Upshaw estimates that the 750 pounds The Salvation Army distributed fed about 3,200 people. One of the groups who received the meat is Monday Night Dinners, a volunteer operation that initially began as a prayer group before branching out to a potluck dinner for people in low-income housing areas on a Monday night five years ago.

“The response was just overwhelming. We decided to do it the next Monday night. We’ve never stopped,” said Butch Young, one of the founders. “People ask me sometimes, ‘How long are you going to do this?’ Well, until God says, ‘That’s enough.’ Because he has provided the food. He’s provided the people to bring the food. We rarely run out of food. We rarely have too much. And it seems to be orchestrated by the Lord.”

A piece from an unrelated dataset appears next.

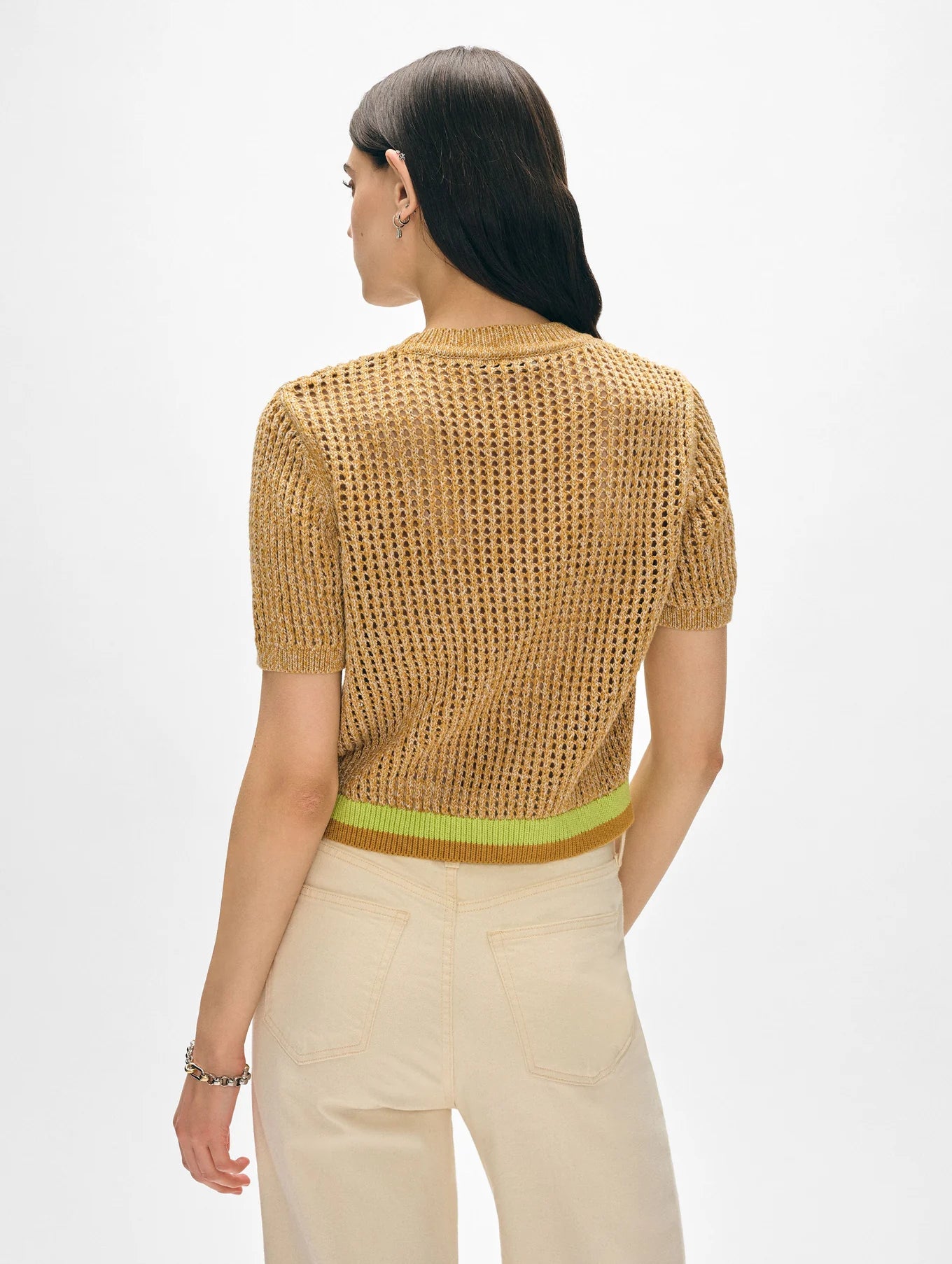 A modern staple for warm days, the Organic Cotton Mesh T-Shirt is the top you'll reach for again and again. Sitting at the top of the hip, it's both flattering and modern, with a wide stripe trim and mesh detailing adding a touch of contemporary detail.
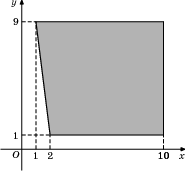 Най­ди­те пло­щадь пря­мо­уголь­ной тра­пе­ции, вер­ши­ны ко­то­рой имеют ко­ор­ди­на­ты (2;1), (10;1), (10;9), (1;9).

The group holds the gathering at the Narrows Inn, an old motel across from the ferry terminal that Young says is the least expensive place in town to live. Before each meal, someone delivers a short sermon. While the number of dinner attendees fluctuates, Young estimates the group feeds 30–40 people each week, with some people taking food home to their families.

The addition of the moose meat was welcome, and split between several freezers. It’s already been a hit.

“Talk about eyes light up—it’s probably because we’re in Alaska. People here love moose meat,” Young said. “It’s just one of those items that all of us appreciate.”

The group plans to continue using the remaining moose meat in dishes such as enchiladas, meatballs, chili, stew and a number of casseroles.

“It’s a blessing from God,” Young said. “When you’re involved in a problem like this, you always wonder where the next food is going to come from because it’s strictly volunteer, and to have the moose meat as a staple, it really helps. It’s a real blessing.”